- Exercise: Would you copy the lines below exactly and omit the images?

- Data segment:
* * *

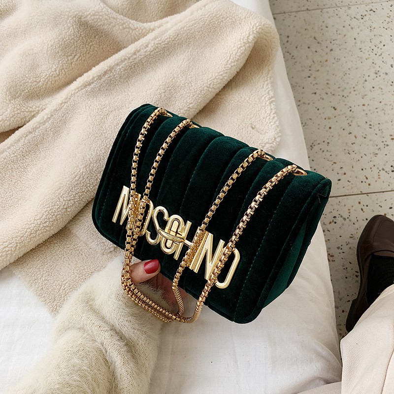 Product Name: Moschino green velvet bag sale
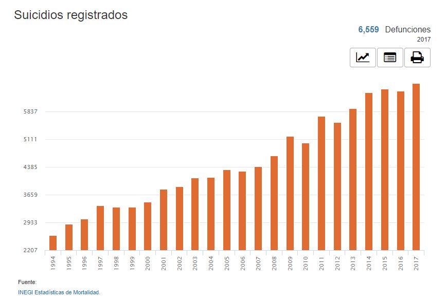 En nuestro país se registraron 6,559 suicidios en 2017, de acuerdo con datos del Instituto Nacional de Estadística y Geografía (INEGI).
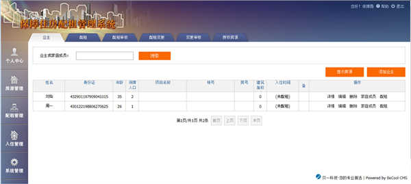 配租管理(lǐ)中包含業主及家庭成員(yuán)增删改查、配租、配租審核、配租變更、變更審核及授權房(fáng)源等功能。
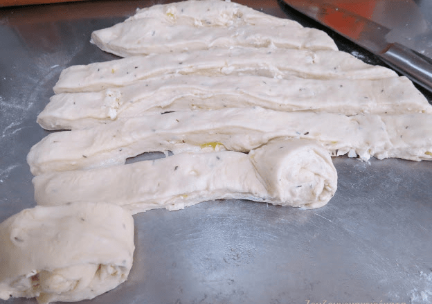 Την πατάμε να ανοίξει τη λαδώνουμε λίγο και απλώνουμε το τυρί. Κάνουμε ένα ρόλο πάντα με τα χέρια βέβαια σαν να θέλουμε να κλείσουμε ένα φάκελο. Ανοίγουμε τη ζύμη σε ένα φύλο 20χ30 περίπου και την κόβουμε σε λωρίδες 2 εκατοστών.

* * *

- Task response:
 Product Name: Moschino green velvet bag sale
 En nuestro país se registraron 6,559 suicidios en 2017, de acuerdo con datos del Instituto Nacional de Estadística y Geografía (INEGI).
 配租管理(lǐ)中包含業主及家庭成員(yuán)增删改查、配租、配租審核、配租變更、變更審核及授權房(fáng)源等功能。
 Την πατάμε να ανοίξει τη λαδώνουμε λίγο και απλώνουμε το τυρί. Κάνουμε ένα ρόλο πάντα με τα χέρια βέβαια σαν να θέλουμε να κλείσουμε ένα φάκελο. Ανοίγουμε τη ζύμη σε ένα φύλο 20χ30 περίπου και την κόβουμε σε λωρίδες 2 εκατοστών.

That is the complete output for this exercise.